Source: crates/fastdpplot-core/src/sparse.rs


to_coo

pub fn to_coo(grid: &BinGrid) -> (Vec<u32>, Vec<u32>, Vec<f32>)

Convert a BinGrid to COO format (rows, cols, data).

Only bins where count > 0 are included. The result is suitable for:

  • scipy.sparse.coo_matrix((data, (rows, cols)), shape=(height, width))
  • PyArrow / pandas COO → dense conversion.

Example (Rust)

use fastdpplot_core::sparse::to_coo;

let (rows, cols, data) = to_coo(&grid);

Example (Python, via PyO3)

from fastdpplot._rs import to_coo
rows, cols, data = to_coo(counts, values, width, height)

to_csr

pub fn to_csr(grid: &BinGrid) -> (Vec<u32>, Vec<u32>, Vec<f32>)

Convert a BinGrid to CSR format (indptr, indices, data).
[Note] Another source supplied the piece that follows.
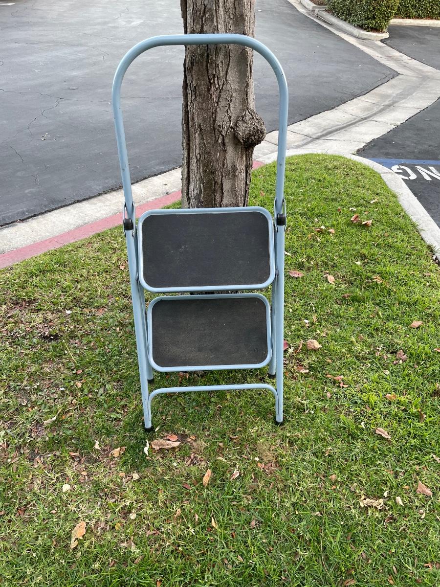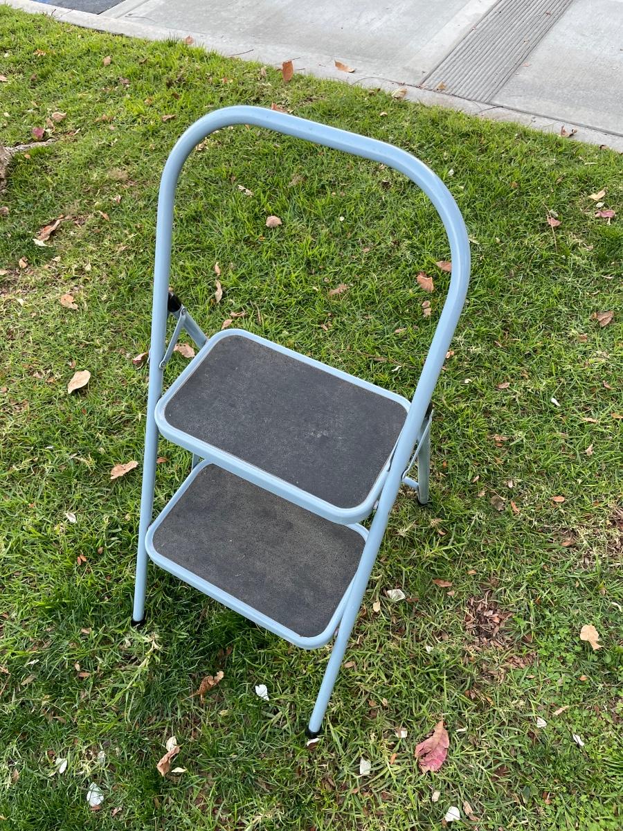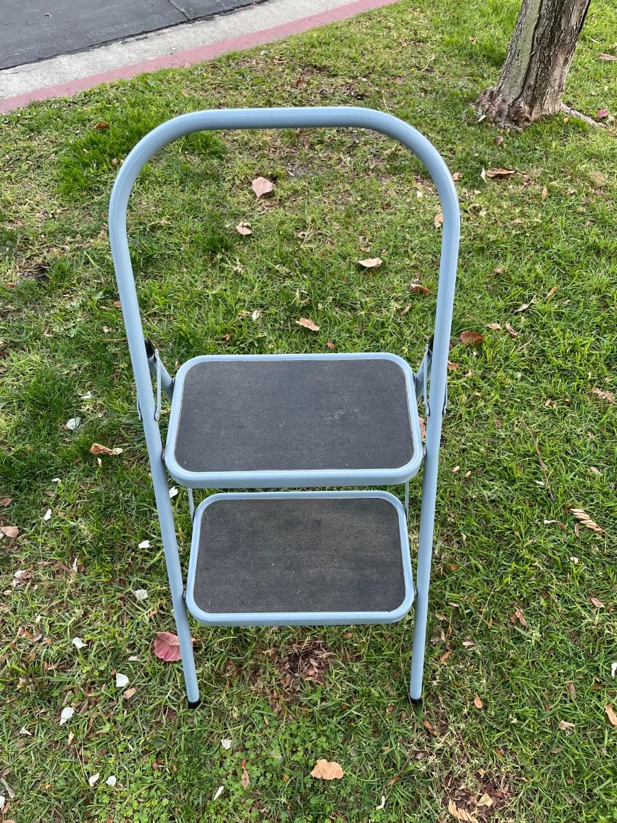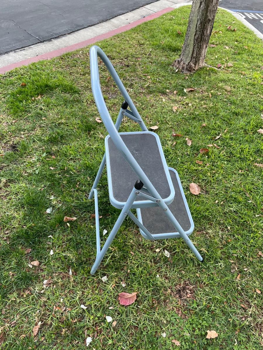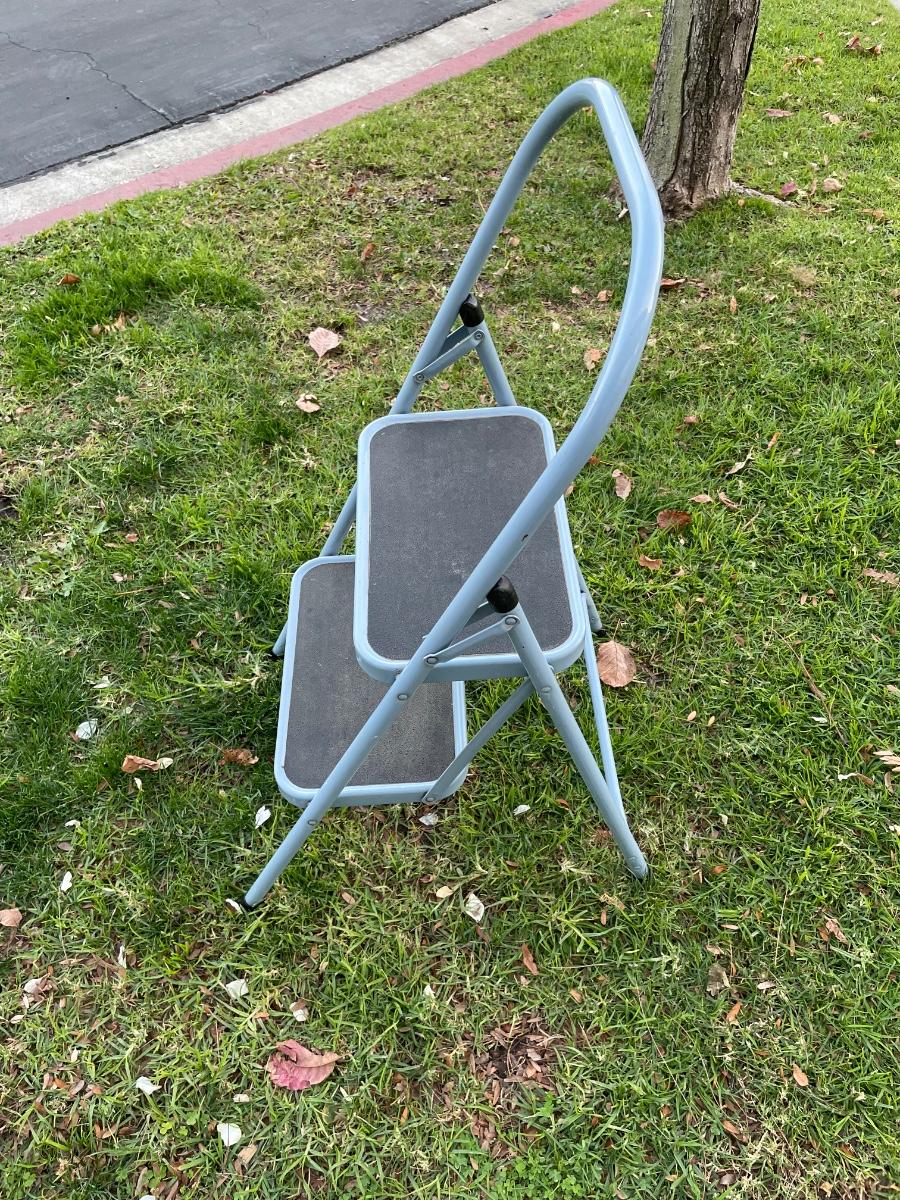 Folds flat for easy storage in a closet or other narrow space. Steel tubing and steps.

Only bins where count > 0 are included. Pass directly to scipy:

import scipy.sparse as sp
M = sp.csr_matrix((data, indices, indptr), shape=(height, width))

CSR vs COO

CSR is more efficient for row slicing; COO is more convenient for column-based operations. Both are available in Rust; only to_coo is currently exposed via PyO3. Use to_scipy_sparse() in Python for an automatic CSR result.


Python helper

The fastdpplot.sparse_convert.to_scipy_sparse Python function calls to_coo internally and wraps the result in a scipy.sparse.csr_matrix. See the Python API — sparse_convert page.